# Independence Day in Orlando:  Wyndham Bonnet Creek 2 BR deluxe July 3-7



## Normita (May 18, 2020)

2BR deluxe unit (sleeps 8) at Wyndham Bonnet Creek for Independence Day weekend.  Unit has 2 full baths, full kitchen, whirlpool tub, balcony or deck.  Cost $460.


----------



## Normita (May 26, 2020)

still available


----------



## Sandy VDH (May 26, 2020)

There is a high chance that adding a guest cert will get this reservation cancelled.  Are you aware of that?


----------



## Normita (May 26, 2020)

Yes I am.  That's why I don't plan to add it until just before the dates when I am quite sure that it won't be cancelled.  (I will confirm by phone.)  Any renter will be advised of this.  I prefer that the renter send me a cheque which will not be cashed until the rental is definite and the guest cert. is in place.


----------



## bendadin (May 27, 2020)

I haven't seen any reports of any check-ins, no less any guest certificates.

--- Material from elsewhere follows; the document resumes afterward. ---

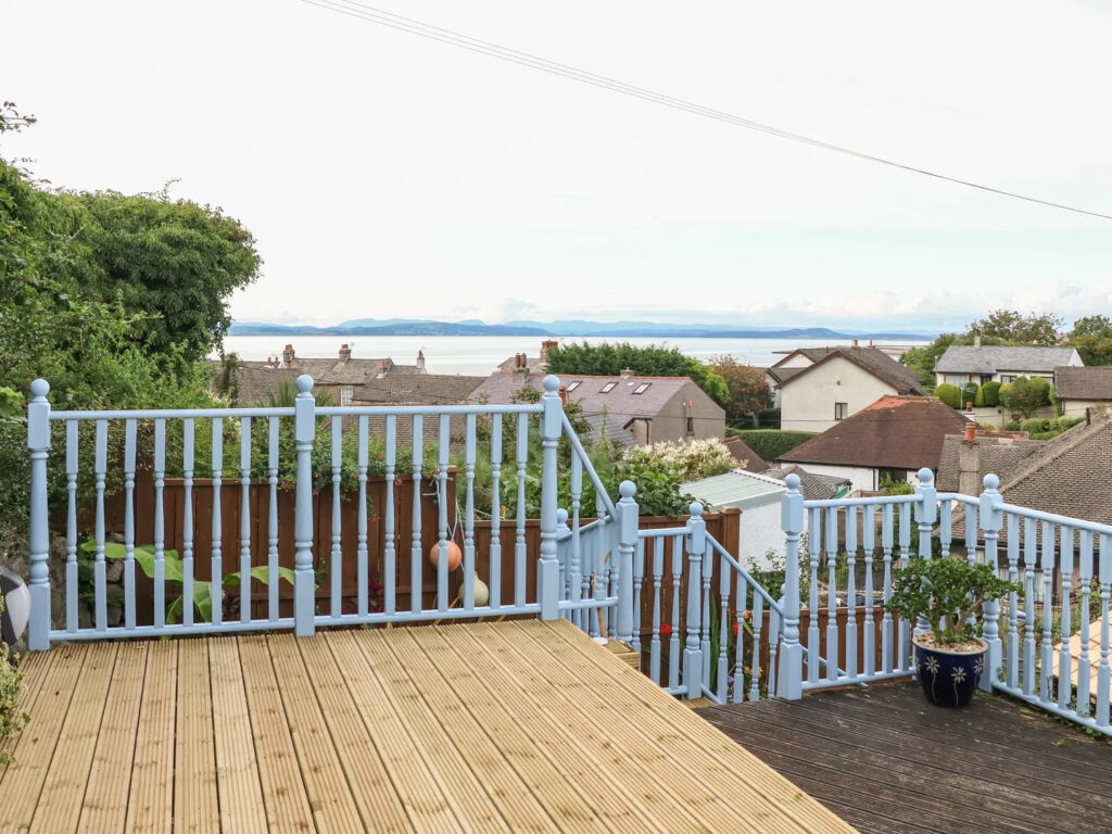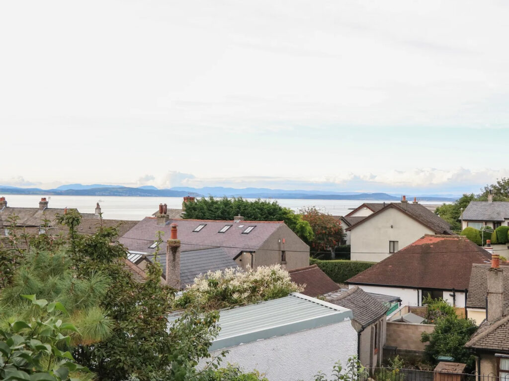 The beautiful garden is set over two levels, the lower patio dining and BBQ area, incorporating stone borders and established plants, a small storage out building and outside water supply. A stairway leads to a bespoke double level balconied decking area with truly stunning views across Morecambe Bay to Grange-Over-Sands and the Lake District in the day, eclipsed only by the amazing sunsets in the evening.

But what if they turn guests away when they get to the desk? 

I'm not even sure that I'm going to make my own reservations stick for the rest of the year.


----------



## Normita (May 28, 2020)

They seem to be cancelling well ahead of the checkin date.  I am pretty sure they would not turn you away at checkin if it was already confirmed a day or two before.


----------



## Normita (Jun 7, 2020)

Still available.  It seems that Wyndham is changing its policy on guest confirmations again, allowing them for reservations after June 15.


----------



## chapjim (Jun 7, 2020)

Regardless, I think you're taking a big chance with your guests.  "Seem to be," "pretty sure," and "It seems that" don't provide much in the way of assurances.

If you were a renter, would you travel from Toronto if the owner were only "pretty sure" that you'd be able to check in after the owner tried to game the system with a very late guest registration?

As an owner, I want something far more positive before I'll register a guest.


----------



## cbyrne1174 (Jun 7, 2020)

chapjim said:


> Regardless, I think you're taking a big chance with your guests.  "Seem to be," "pretty sure," and "It seems that" don't provide much in the way of assurances.
> 
> If you were a renter, would you travel from Toronto if the owner were only "pretty sure" that you'd be able to check in after the owner tried to game the system with a very late guest registration?
> 
> As an owner, I want something far more positive before I'll register a guest.



This posting still could be useful for a local. If I were in a better situation financially, I'd personally be asking every VIP-Plat I know to try to make a reservation for me at Clearwater. They have 1 and 2 bedrooms available 60 days out right now.


----------



## CO skier (Jun 7, 2020)

Normita said:


> They seem to be cancelling well ahead of the checkin date.  I am pretty sure they would not turn you away at checkin if it was already confirmed a day or two before.





Normita said:


> Still available.  It seems that Wyndham is changing its policy on guest confirmations again, allowing them for reservations after June 15.


Am I the only one who thinks this sounds a lot like a timeshare sales spin to make a rental?

If it sounds too good to be true ... and all that buyer beware stuff.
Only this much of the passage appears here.